EXERCISE AIM: Where in the records does the word "dollar" occur? Copy each line in which it does.

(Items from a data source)
◇ ◇ ◇
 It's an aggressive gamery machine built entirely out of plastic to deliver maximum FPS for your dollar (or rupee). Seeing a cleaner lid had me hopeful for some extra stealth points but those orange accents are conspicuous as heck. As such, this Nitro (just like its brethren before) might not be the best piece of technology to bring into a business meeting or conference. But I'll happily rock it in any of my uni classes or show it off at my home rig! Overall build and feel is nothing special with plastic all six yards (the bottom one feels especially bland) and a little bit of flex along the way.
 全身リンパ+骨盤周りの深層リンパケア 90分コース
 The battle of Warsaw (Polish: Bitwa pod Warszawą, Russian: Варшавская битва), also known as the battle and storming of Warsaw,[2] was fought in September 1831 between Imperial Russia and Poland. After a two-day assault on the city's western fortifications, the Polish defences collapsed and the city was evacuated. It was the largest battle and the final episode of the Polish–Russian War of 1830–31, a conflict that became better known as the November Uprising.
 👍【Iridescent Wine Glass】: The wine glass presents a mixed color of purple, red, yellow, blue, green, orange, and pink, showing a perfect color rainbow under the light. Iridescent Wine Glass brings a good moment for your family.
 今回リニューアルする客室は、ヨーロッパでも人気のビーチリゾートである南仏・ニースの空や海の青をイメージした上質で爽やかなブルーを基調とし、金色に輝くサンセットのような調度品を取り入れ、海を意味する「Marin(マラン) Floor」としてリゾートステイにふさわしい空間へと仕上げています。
◇ ◇ ◇
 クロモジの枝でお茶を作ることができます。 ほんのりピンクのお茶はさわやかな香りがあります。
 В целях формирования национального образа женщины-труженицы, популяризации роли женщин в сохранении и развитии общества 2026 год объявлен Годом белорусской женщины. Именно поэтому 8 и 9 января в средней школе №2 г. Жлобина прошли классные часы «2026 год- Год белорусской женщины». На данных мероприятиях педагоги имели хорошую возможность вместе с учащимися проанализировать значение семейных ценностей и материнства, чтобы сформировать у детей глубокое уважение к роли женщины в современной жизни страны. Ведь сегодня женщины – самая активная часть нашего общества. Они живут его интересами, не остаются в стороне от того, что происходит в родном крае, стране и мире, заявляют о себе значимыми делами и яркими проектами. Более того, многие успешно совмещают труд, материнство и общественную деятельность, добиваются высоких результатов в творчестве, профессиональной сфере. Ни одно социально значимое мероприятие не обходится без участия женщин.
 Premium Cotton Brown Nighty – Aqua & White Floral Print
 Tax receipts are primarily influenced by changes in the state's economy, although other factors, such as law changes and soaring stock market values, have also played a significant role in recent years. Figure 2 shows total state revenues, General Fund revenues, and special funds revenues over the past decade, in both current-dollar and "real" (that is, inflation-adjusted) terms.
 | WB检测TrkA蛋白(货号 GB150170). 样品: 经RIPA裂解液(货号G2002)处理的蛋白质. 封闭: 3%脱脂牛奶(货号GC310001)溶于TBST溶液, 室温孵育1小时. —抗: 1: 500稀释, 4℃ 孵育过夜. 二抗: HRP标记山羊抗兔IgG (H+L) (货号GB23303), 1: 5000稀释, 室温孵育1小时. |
◇ ◇ ◇
FINISHED TASK:
 It's an aggressive gamery machine built entirely out of plastic to deliver maximum FPS for your dollar (or rupee). Seeing a cleaner lid had me hopeful for some extra stealth points but those orange accents are conspicuous as heck. As such, this Nitro (just like its brethren before) might not be the best piece of technology to bring into a business meeting or conference. But I'll happily rock it in any of my uni classes or show it off at my home rig! Overall build and feel is nothing special with plastic all six yards (the bottom one feels especially bland) and a little bit of flex along the way.
 Tax receipts are primarily influenced by changes in the state's economy, although other factors, such as law changes and soaring stock market values, have also played a significant role in recent years. Figure 2 shows total state revenues, General Fund revenues, and special funds revenues over the past decade, in both current-dollar and "real" (that is, inflation-adjusted) terms.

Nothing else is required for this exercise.